The Joint Chamber of Afghanistan-Pakistan Commerce on Monday said that Islamabad has imposed new restrictions on the transit of Afghan commodities, creating hurdles in the way of traders to transfer their products via Karachi port.
“The problem is in invoice. The Pakistani government has increased the invoice of commodities such as tires, electric devices, medicines, oil and sugar,” said Najibullah Safi, head of the Joint Chamber.
“This action is not based on international norms.

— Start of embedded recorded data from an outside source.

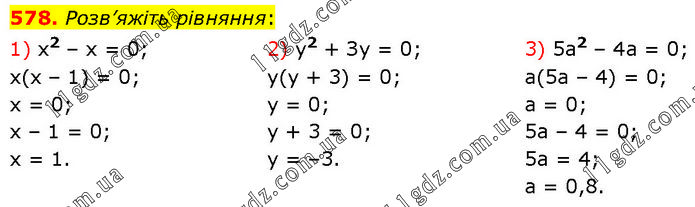 Розв’яжіть рівняння: 1) x2 – х = 0; x(x – 1) = 0; x = 0; x – 1 = 0; x = 1. 2) у2 + Зу = 0; y(y + 3) = 0; y = 0; y + 3 = 0; y = –3. 3) 5а2 – 4а = 0; a(5a – 4) = 0; a = 0; 5a – 4 = 0; 5a = 4; a = 0,8.
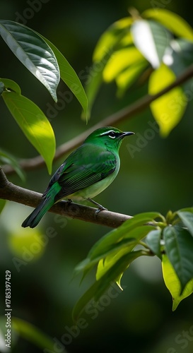 © Rima Akter, Obraz premium Greencrowned brilliant hummingbird perched on a branch surrounded by lush green leaves in a tropical rainforest in costa rica
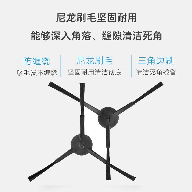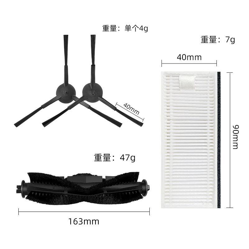 1 Main brush, 1 pair of edge brushes, 1 filter screen, 1 cleaning brush
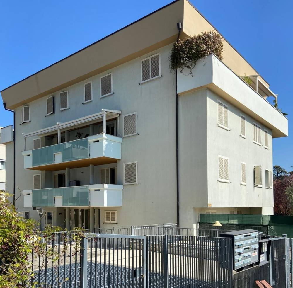 ATTICO - VIA LEONARDO DA VINCI ATTICO - Ampio appartamento di 142 mq, panoramico e luminoso, posto al 3 ed ultimo piano con ascensore, circondato da una splendida terrazza di 50 mq accessibile dalla sala, dalla cucina e da una delle camere. Ottimo contesto, questo immobile è composto da un ingresso che conduce a una spaziosa sala con zona living e pranzo, cucina abitabile, zona notte con tre camere di cui una matrimoniale con bagno privato e cabina armadio, un ulteriore bagno e un ripostiglio. Le finiture sono di pregio: pavimenti in parquet, infissi in legno. Il riscaldamento a pavimento centralizzato con contacalorie, impianto di aria condizionata con sistema a split. Un’autorimessa doppia di 38 mq posta al piano seminterrato raggiungibile con l’ascensore. centralizzato con contacalorie. ACE "C" Eptot 151,68.
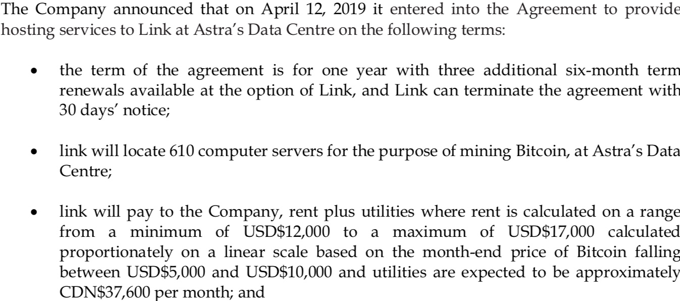 Um die Server/Rechner auszulasten, auch zur Blockchain Herstellung, vermietet Astra das Rechenzentrum zur teilweisen Nutzung an eine Bitcoin- Miner Firma . Diese Firma Namens
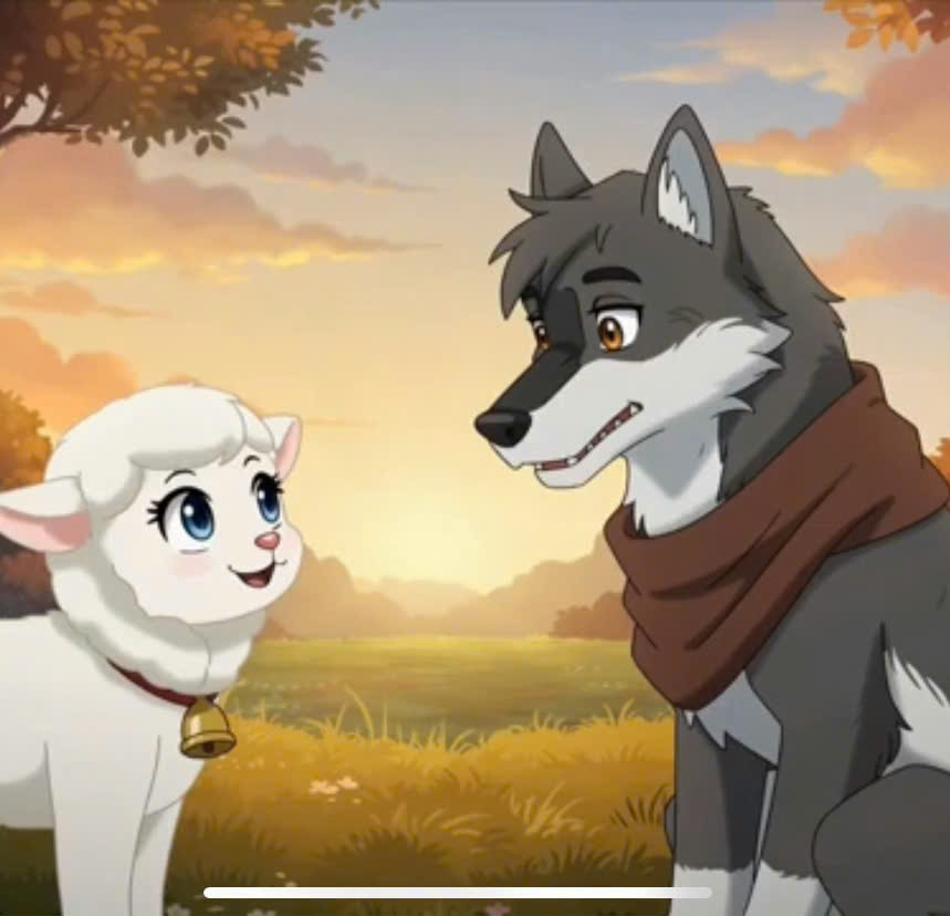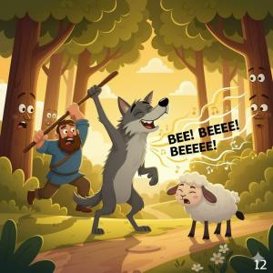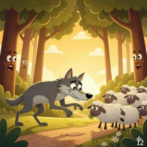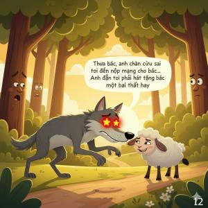 Cừu non bị Sói định ăn thịt nhưng nhờ nhanh trí, giả vờ hát để báo cho người chăn cừu đến cứu, nên thoát nạn.
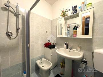 Un pratico disimpegno conduce alla zona notte, dove troviamo una spaziosa camera matrimoniale, una camera singola e un bagno cieco dotato di box doccia e attacchi per la lavatrice.
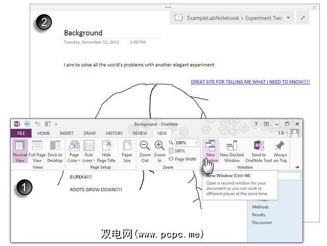 打开OneNote和要显示的页面。点击视图>新窗口,打开镜像页面。
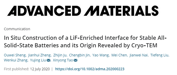 文献链接:In Situ Construction of a LiF-Enriched Interface for Stable All-Solid-State Batteries and its Origin Revealed by Cryo-TEM, Adv. Mater. 2020, 2000223. DOI: 10.1002/adma.202000223.
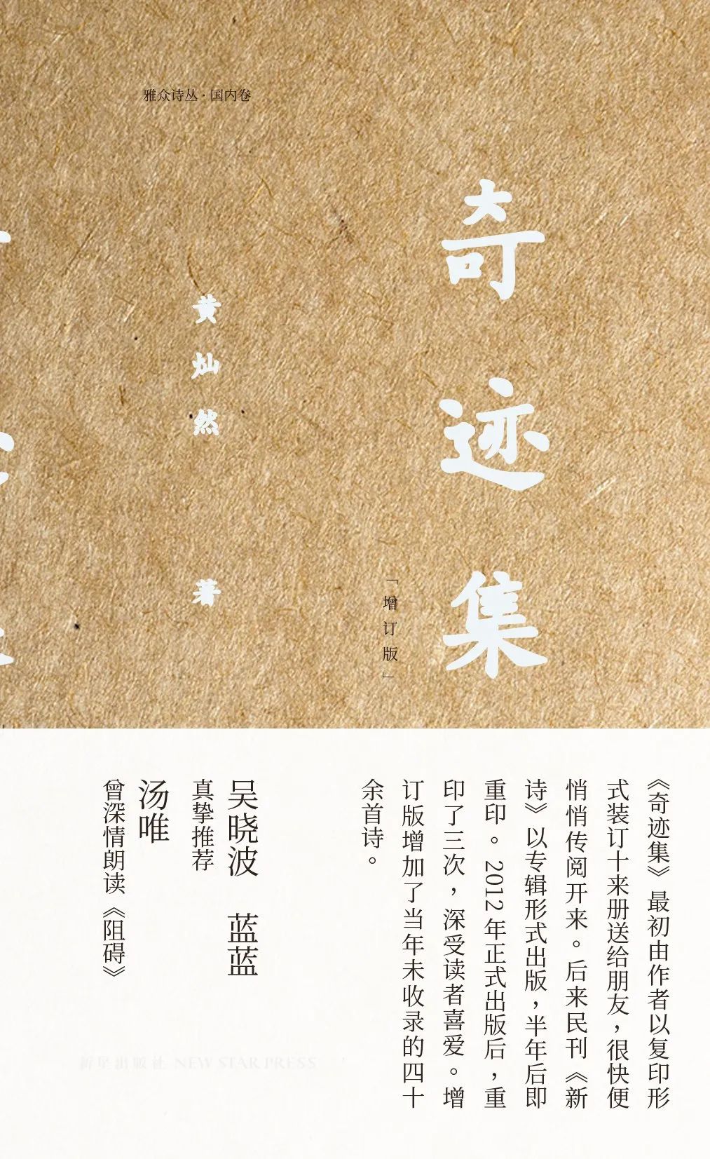 黃燦然,詩人、翻譯家、評(píng)論家,生于1963年,福建泉州人。1978年移居香港,1988年畢業(yè)于暨南大學(xué)新聞系,1990—2014年任職于香港《大公報(bào)》,從事國際新聞翻譯。著有詩集《奇跡集》、《黃燦然的詩》和兩卷本《詩合集》(繁體字版)等。譯有《卡瓦菲斯詩集》、《巴列霍詩選》、蘇珊·桑塔格《論攝影》、布羅茨基《小于一》等;近期譯著有《曼德爾施塔姆詩選》、《一只狼在放哨:阿巴斯詩集》、《希尼三十年文選》、希尼《開墾地:詩選1966—1996》、《致后代:布萊希特詩選》、《站在人這邊:米沃什五十年文選》、《火:魯米抒情詩》、《死亡賦格:保羅·策蘭詩精選》等。
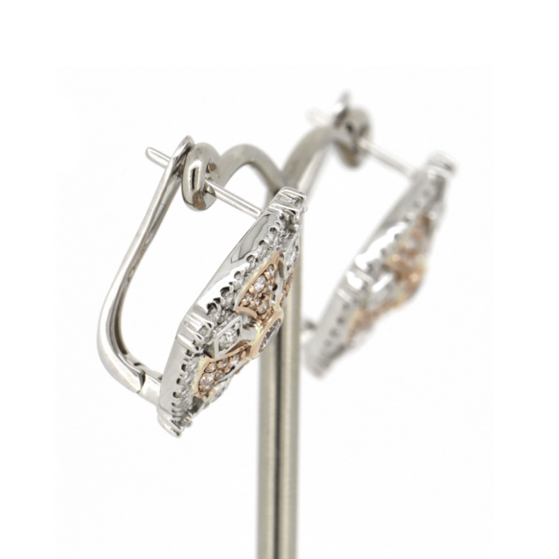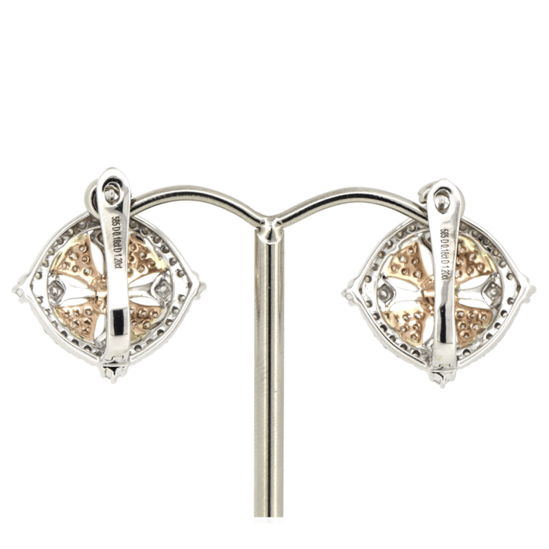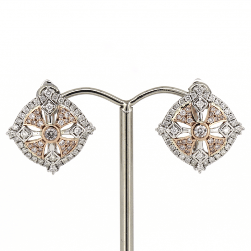 14K WHITE/ROSE GOLD, PINK DIAMOND AND DIAMOND, CLUSTER EARRINGS.

No one has the right to ask for invoice from us,” said Mohammad Younus Momand, acting head of the Afghanistan Chamber of Commerce and Investment (ACCI).
According to the ACCI, Afghanistan exports 2 million tons of fresh fruits and other materials via Afghanistan to the Central Asian Nations and that the new restrictions will damage the transit and businesses between the two countries.
“They also import gas and oil and cotton as well steel from Central Asia. It will affect Pakistan itself and the Central Asians,” said Khanjan Alokozai, a member of the ACCI.
Meanwhile, the Ministry of Industry and Commerce also said a delegation of the Islamic Emirate has travelled to Islamabad to solve the issue.
“They must not put pressure on our invwstors and private sectors. Otherwise, we are obliged to think of alternative. We are trying to solve this and our representatives have gone to discuss it,” said Akhundzada Abdul Salam Jawad, a spokesman for the MoIC.
Afghanistan imports its commodities from China, Indonesia, India and European countries via Karachi port.